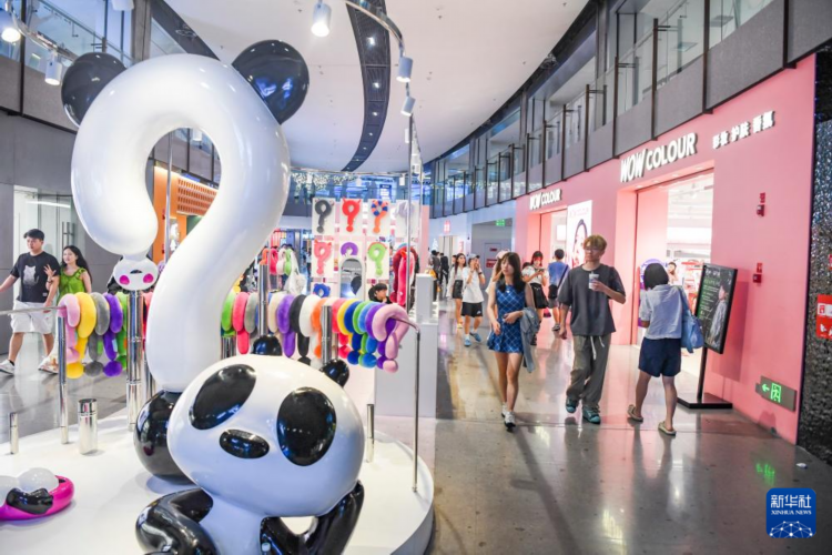 8月19日,游客在重庆市江北区观音桥商圈休闲。
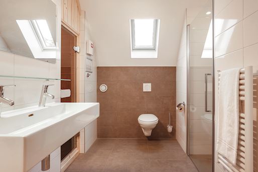- Badezimmer mit ebenerdiger Dusche, Waschbecken und WC auf der ersten Etage
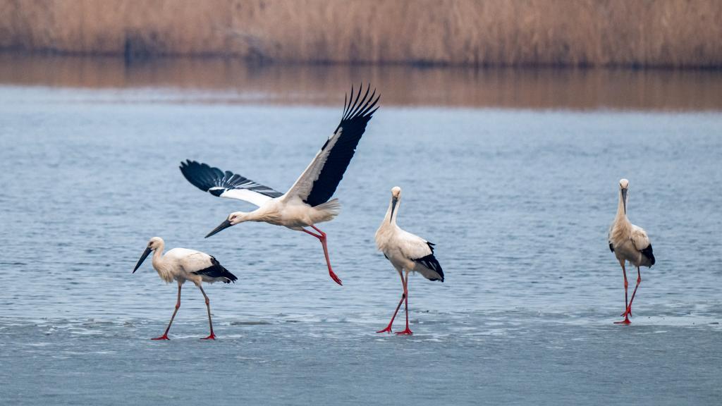3月19日,在黑龙江省哈尔滨市一处水域拍摄的东方白鹳(无人机照片)。新华社发(刘大鹏 摄)

■ ■ ■ ■ ■ ■ ■

Exercise prompt:
What you return must match the data above exactly, with no images included.

Exercise solution:
 8月19日,游客在重庆市江北区观音桥商圈休闲。
- Badezimmer mit ebenerdiger Dusche, Waschbecken und WC auf der ersten Etage
3月19日,在黑龙江省哈尔滨市一处水域拍摄的东方白鹳(无人机照片)。新华社发(刘大鹏 摄)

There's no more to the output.